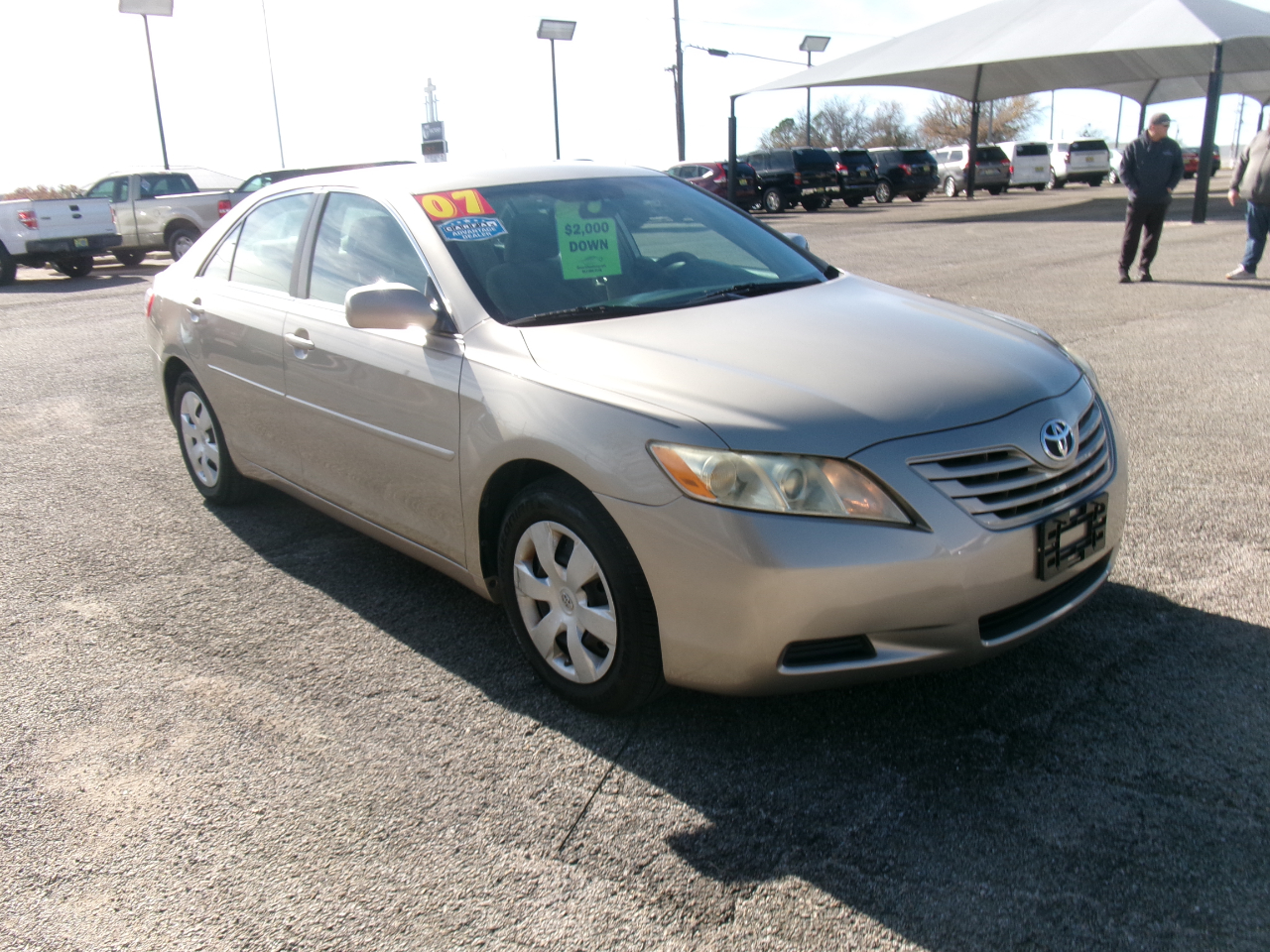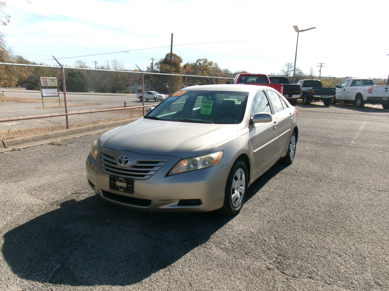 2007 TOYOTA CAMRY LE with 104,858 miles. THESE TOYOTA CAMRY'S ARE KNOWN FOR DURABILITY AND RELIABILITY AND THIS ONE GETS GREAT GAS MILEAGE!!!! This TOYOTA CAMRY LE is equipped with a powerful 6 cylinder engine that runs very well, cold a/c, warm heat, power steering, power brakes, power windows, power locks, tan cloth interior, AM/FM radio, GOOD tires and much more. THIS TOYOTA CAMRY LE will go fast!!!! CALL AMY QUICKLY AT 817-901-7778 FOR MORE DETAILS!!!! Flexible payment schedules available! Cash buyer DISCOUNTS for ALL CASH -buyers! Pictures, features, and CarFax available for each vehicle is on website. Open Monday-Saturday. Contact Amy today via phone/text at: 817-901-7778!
* * *
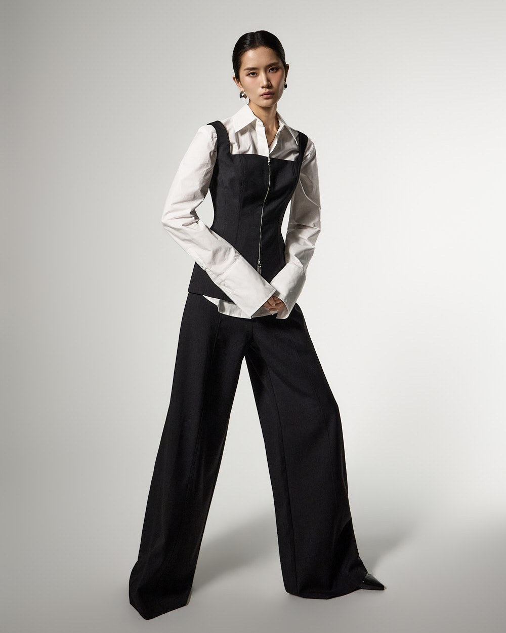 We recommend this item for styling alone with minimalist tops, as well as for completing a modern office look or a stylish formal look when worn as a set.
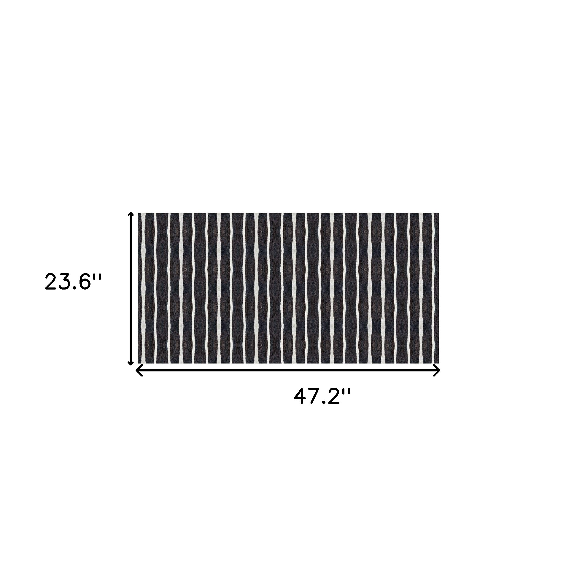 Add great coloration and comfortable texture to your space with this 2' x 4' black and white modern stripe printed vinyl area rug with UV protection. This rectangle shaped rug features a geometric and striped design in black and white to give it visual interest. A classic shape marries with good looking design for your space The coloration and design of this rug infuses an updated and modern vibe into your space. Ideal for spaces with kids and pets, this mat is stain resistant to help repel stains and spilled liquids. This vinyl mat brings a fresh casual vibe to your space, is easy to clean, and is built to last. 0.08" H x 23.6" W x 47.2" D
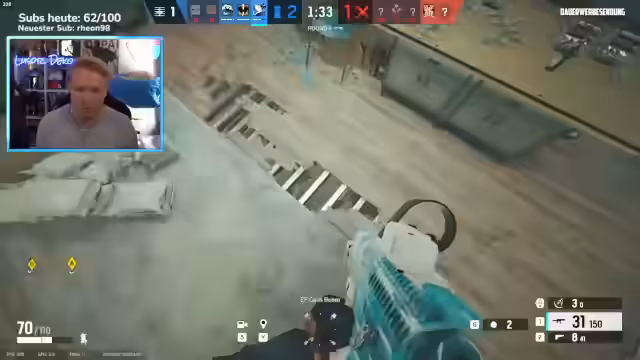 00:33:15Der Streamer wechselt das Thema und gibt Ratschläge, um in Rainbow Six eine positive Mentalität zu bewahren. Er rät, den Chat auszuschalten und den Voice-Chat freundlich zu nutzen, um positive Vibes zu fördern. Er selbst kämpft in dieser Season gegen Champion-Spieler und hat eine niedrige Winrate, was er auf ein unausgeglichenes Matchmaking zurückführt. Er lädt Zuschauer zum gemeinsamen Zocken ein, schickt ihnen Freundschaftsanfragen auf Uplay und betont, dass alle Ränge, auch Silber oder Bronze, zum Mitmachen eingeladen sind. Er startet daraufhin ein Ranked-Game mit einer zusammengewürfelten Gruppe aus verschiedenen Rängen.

*Instructions for the task:*
From the data above, return exactly the lines from the one with "We recommend this" up to and including the one with "00:33:15Der Streamer wechselt". Pictures do not go in the copy.

*Result of this exercise:*
 We recommend this item for styling alone with minimalist tops, as well as for completing a modern office look or a stylish formal look when worn as a set.
 Add great coloration and comfortable texture to your space with this 2' x 4' black and white modern stripe printed vinyl area rug with UV protection. This rectangle shaped rug features a geometric and striped design in black and white to give it visual interest. A classic shape marries with good looking design for your space The coloration and design of this rug infuses an updated and modern vibe into your space. Ideal for spaces with kids and pets, this mat is stain resistant to help repel stains and spilled liquids. This vinyl mat brings a fresh casual vibe to your space, is easy to clean, and is built to last. 0.08" H x 23.6" W x 47.2" D
 00:33:15Der Streamer wechselt das Thema und gibt Ratschläge, um in Rainbow Six eine positive Mentalität zu bewahren. Er rät, den Chat auszuschalten und den Voice-Chat freundlich zu nutzen, um positive Vibes zu fördern. Er selbst kämpft in dieser Season gegen Champion-Spieler und hat eine niedrige Winrate, was er auf ein unausgeglichenes Matchmaking zurückführt. Er lädt Zuschauer zum gemeinsamen Zocken ein, schickt ihnen Freundschaftsanfragen auf Uplay und betont, dass alle Ränge, auch Silber oder Bronze, zum Mitmachen eingeladen sind. Er startet daraufhin ein Ranked-Game mit einer zusammengewürfelten Gruppe aus verschiedenen Rängen.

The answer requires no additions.